- Task item -
Taking the data below, please print only the lines from the line holding "Tabelul 1 conține" to the line holding "強化ガラスよりも高い強度を持", inclusive, with pictures omitted.

- Data -
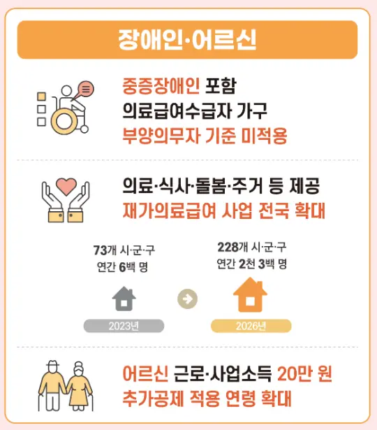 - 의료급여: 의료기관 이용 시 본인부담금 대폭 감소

--

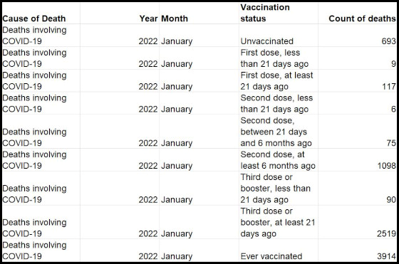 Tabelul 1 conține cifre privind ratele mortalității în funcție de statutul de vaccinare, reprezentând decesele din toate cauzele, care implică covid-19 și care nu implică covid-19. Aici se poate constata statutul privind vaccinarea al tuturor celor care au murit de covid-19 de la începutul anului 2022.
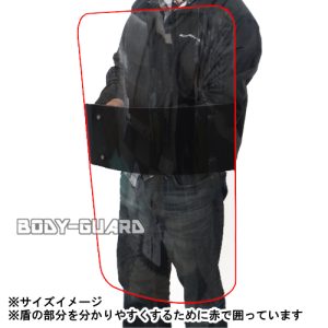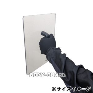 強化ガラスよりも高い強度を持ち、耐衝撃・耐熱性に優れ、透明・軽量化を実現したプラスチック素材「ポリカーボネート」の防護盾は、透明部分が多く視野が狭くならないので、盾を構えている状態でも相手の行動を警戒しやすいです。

* * *

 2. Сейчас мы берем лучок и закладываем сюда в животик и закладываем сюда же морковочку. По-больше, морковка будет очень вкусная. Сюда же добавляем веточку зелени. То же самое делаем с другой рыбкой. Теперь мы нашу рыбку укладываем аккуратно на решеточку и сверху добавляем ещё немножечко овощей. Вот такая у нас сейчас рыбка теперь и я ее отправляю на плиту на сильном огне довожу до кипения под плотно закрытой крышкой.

- Task result -
 Tabelul 1 conține cifre privind ratele mortalității în funcție de statutul de vaccinare, reprezentând decesele din toate cauzele, care implică covid-19 și care nu implică covid-19. Aici se poate constata statutul privind vaccinarea al tuturor celor care au murit de covid-19 de la începutul anului 2022.
 強化ガラスよりも高い強度を持ち、耐衝撃・耐熱性に優れ、透明・軽量化を実現したプラスチック素材「ポリカーボネート」の防護盾は、透明部分が多く視野が狭くならないので、盾を構えている状態でも相手の行動を警戒しやすいです。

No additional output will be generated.